■ PROMPT
Without any pictures, print exactly the lines that run from the start of the data through the line containing "Boost your sales".

■ SUPPLIED INFORMATION

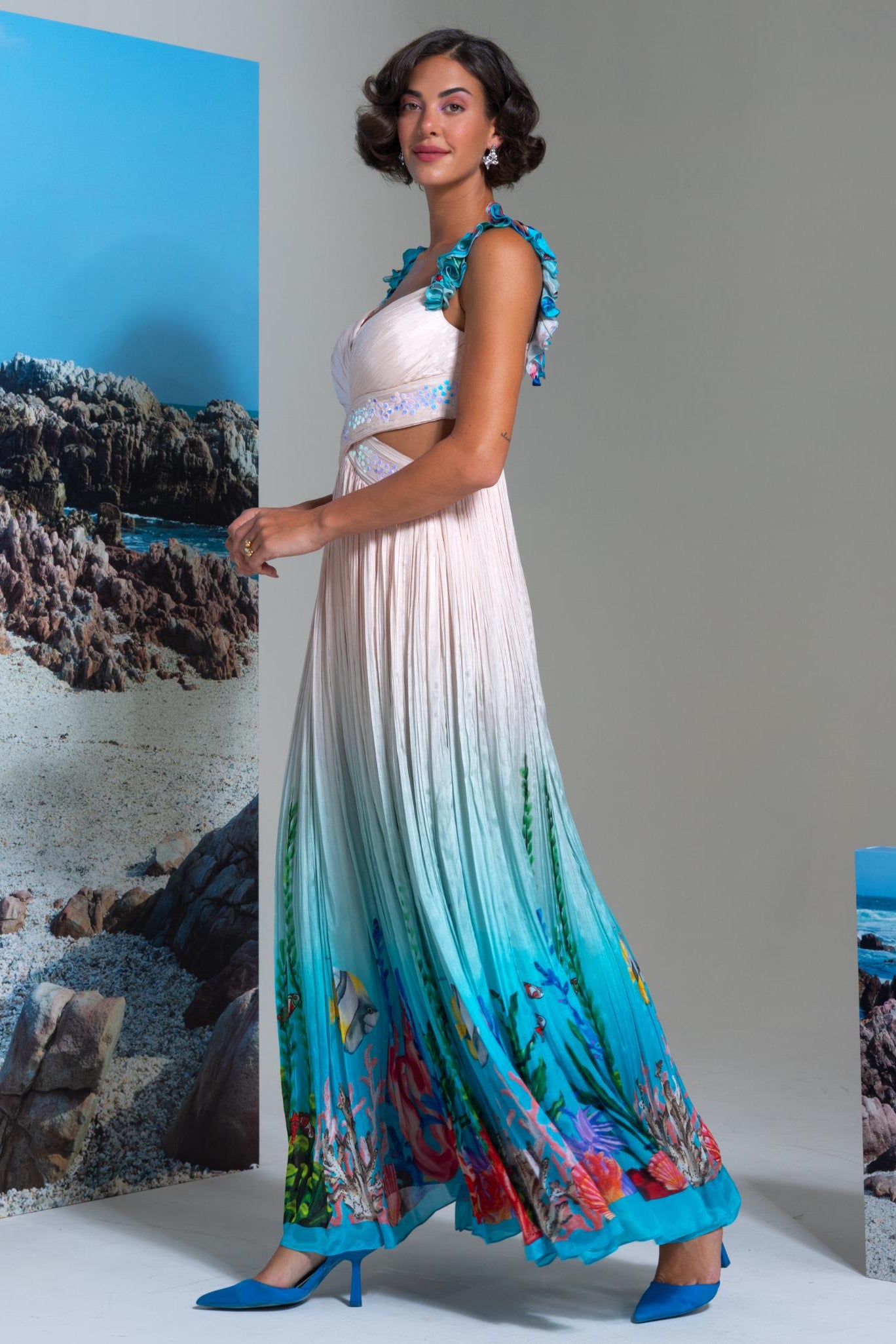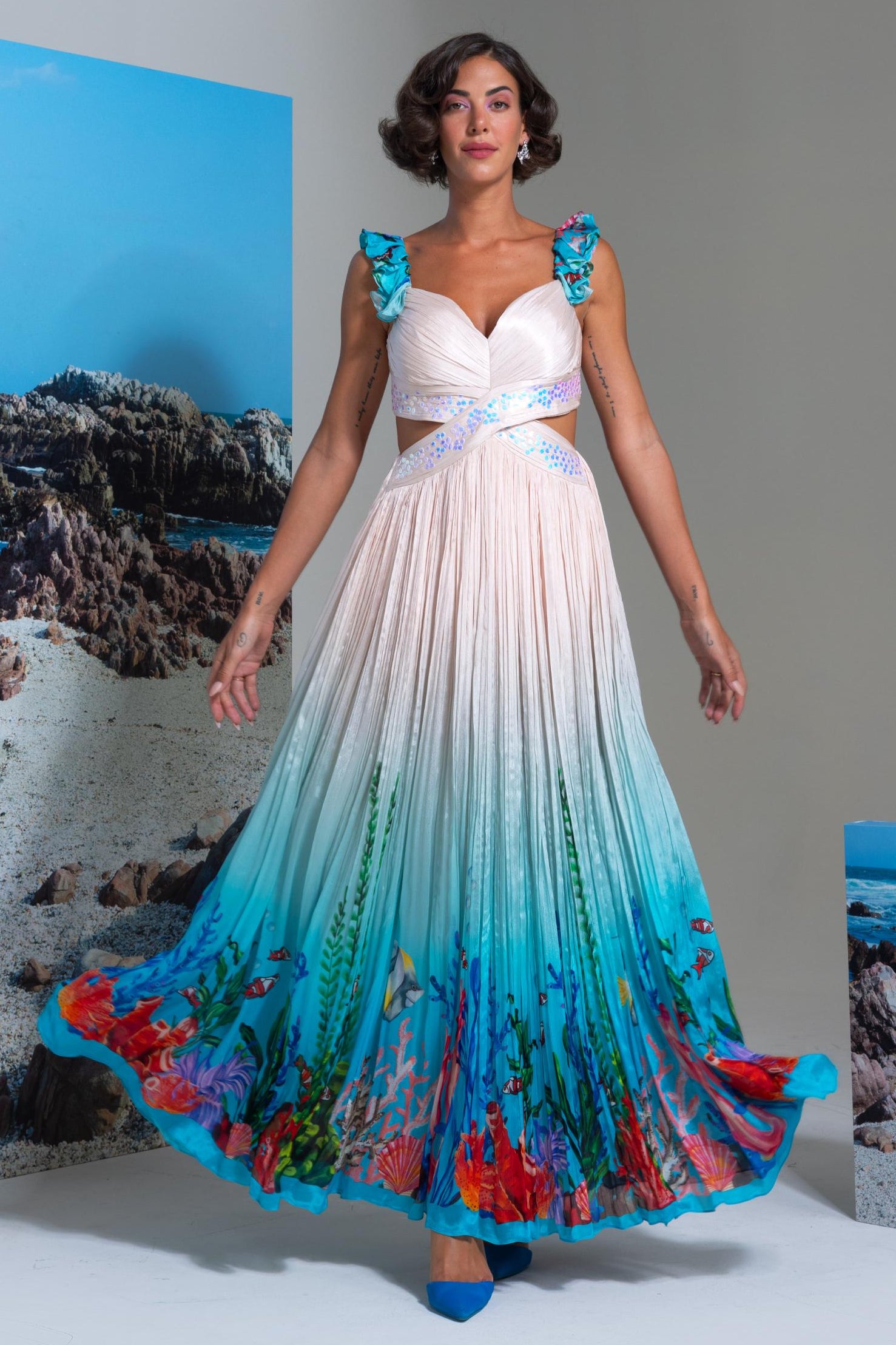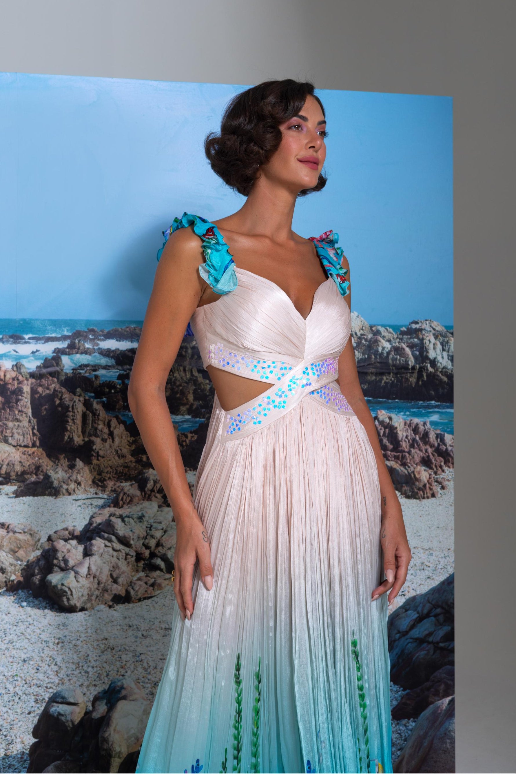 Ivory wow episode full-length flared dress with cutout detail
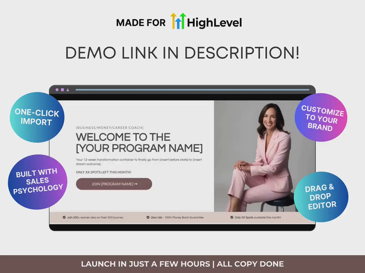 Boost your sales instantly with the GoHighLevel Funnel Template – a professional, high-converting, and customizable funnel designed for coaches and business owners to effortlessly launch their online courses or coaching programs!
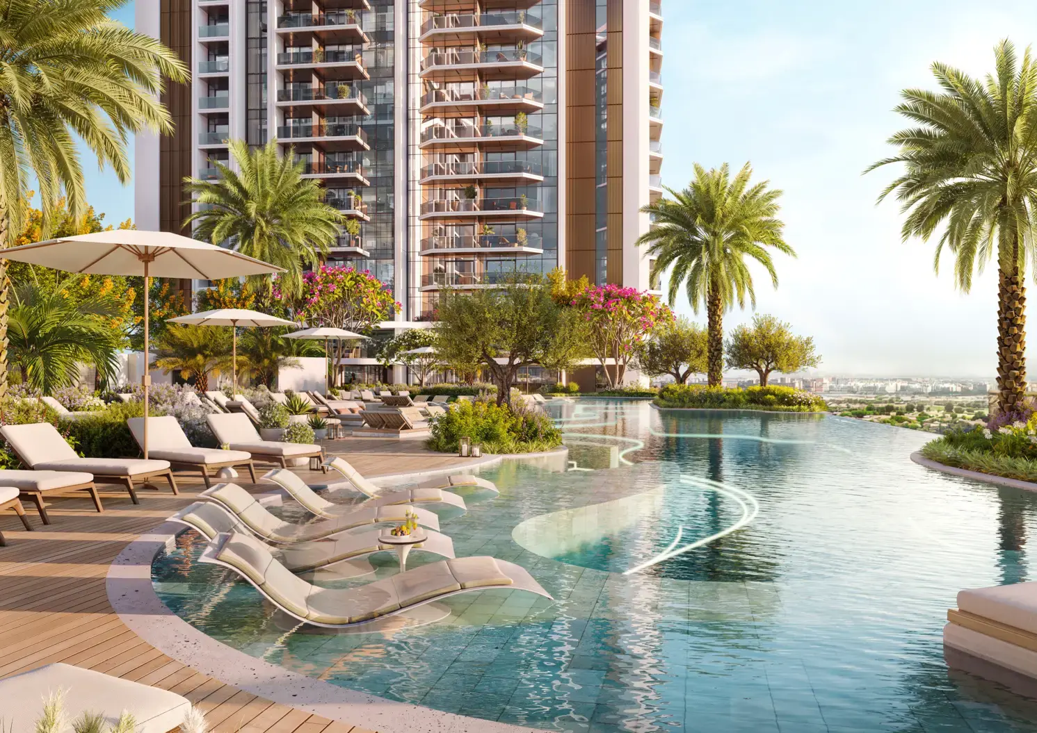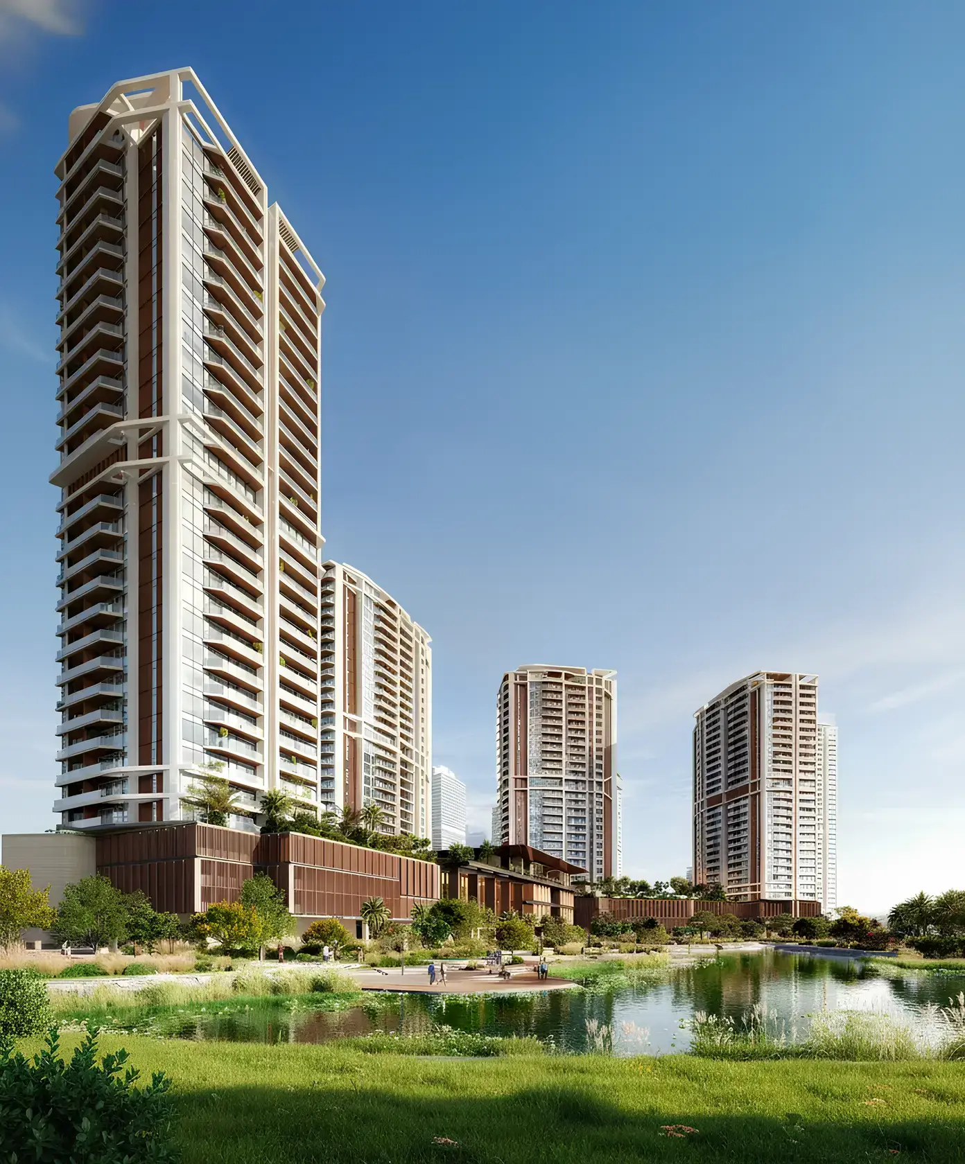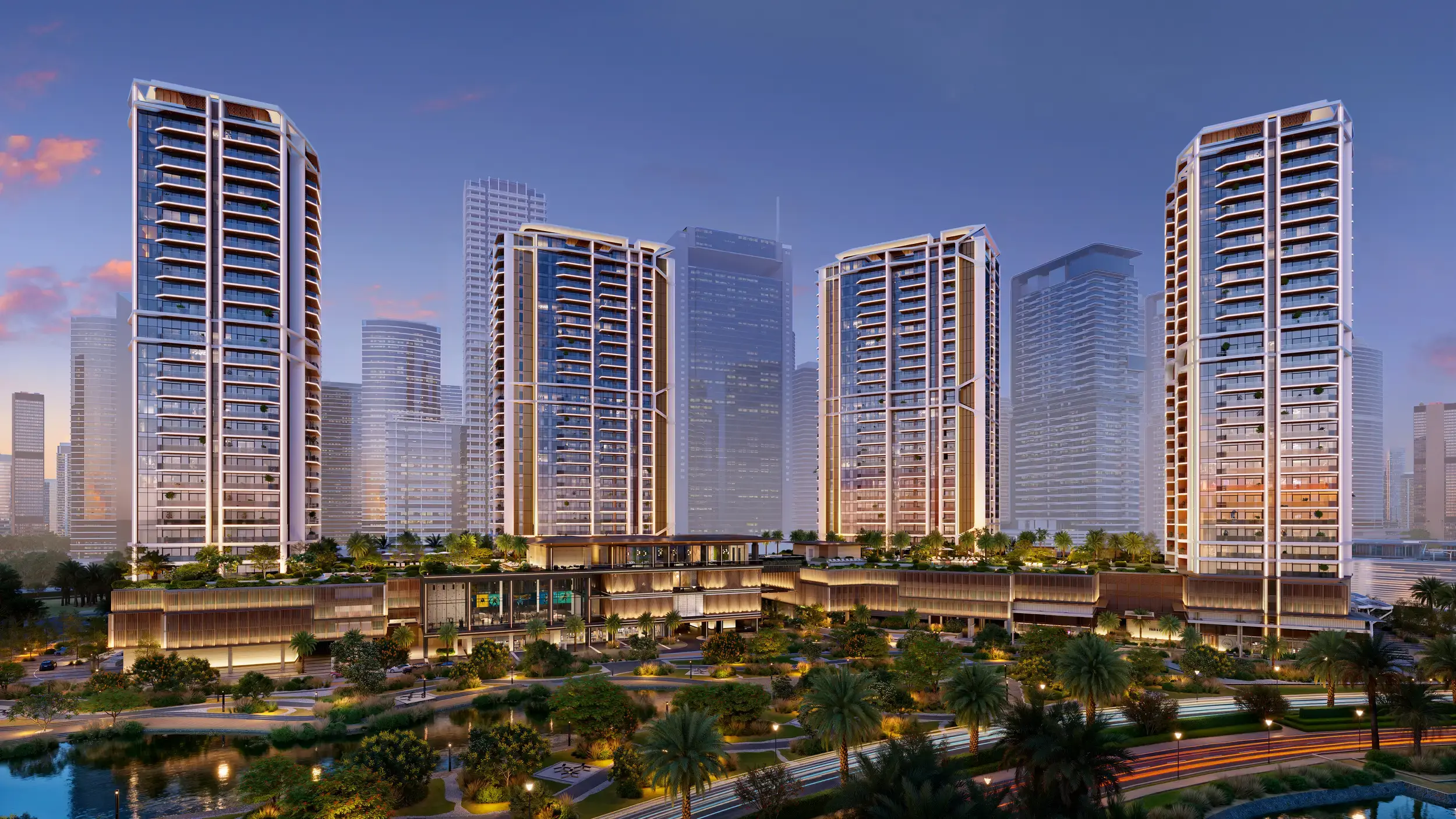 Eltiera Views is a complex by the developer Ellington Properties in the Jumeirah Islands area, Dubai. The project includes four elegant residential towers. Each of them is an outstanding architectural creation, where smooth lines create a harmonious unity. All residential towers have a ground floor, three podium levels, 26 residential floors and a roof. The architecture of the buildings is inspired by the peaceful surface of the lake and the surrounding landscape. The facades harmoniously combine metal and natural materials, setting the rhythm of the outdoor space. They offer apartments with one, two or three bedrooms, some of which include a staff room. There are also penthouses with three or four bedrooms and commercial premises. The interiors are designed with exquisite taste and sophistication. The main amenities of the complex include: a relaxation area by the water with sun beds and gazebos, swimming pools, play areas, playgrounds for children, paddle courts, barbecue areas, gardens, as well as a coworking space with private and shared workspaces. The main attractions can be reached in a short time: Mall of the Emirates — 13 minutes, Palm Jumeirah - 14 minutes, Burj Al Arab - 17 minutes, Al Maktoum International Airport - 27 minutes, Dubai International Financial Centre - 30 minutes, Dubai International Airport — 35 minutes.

■ ANSWER FOR THE TASK
 Ivory wow episode full-length flared dress with cutout detail
 Boost your sales instantly with the GoHighLevel Funnel Template – a professional, high-converting, and customizable funnel designed for coaches and business owners to effortlessly launch their online courses or coaching programs!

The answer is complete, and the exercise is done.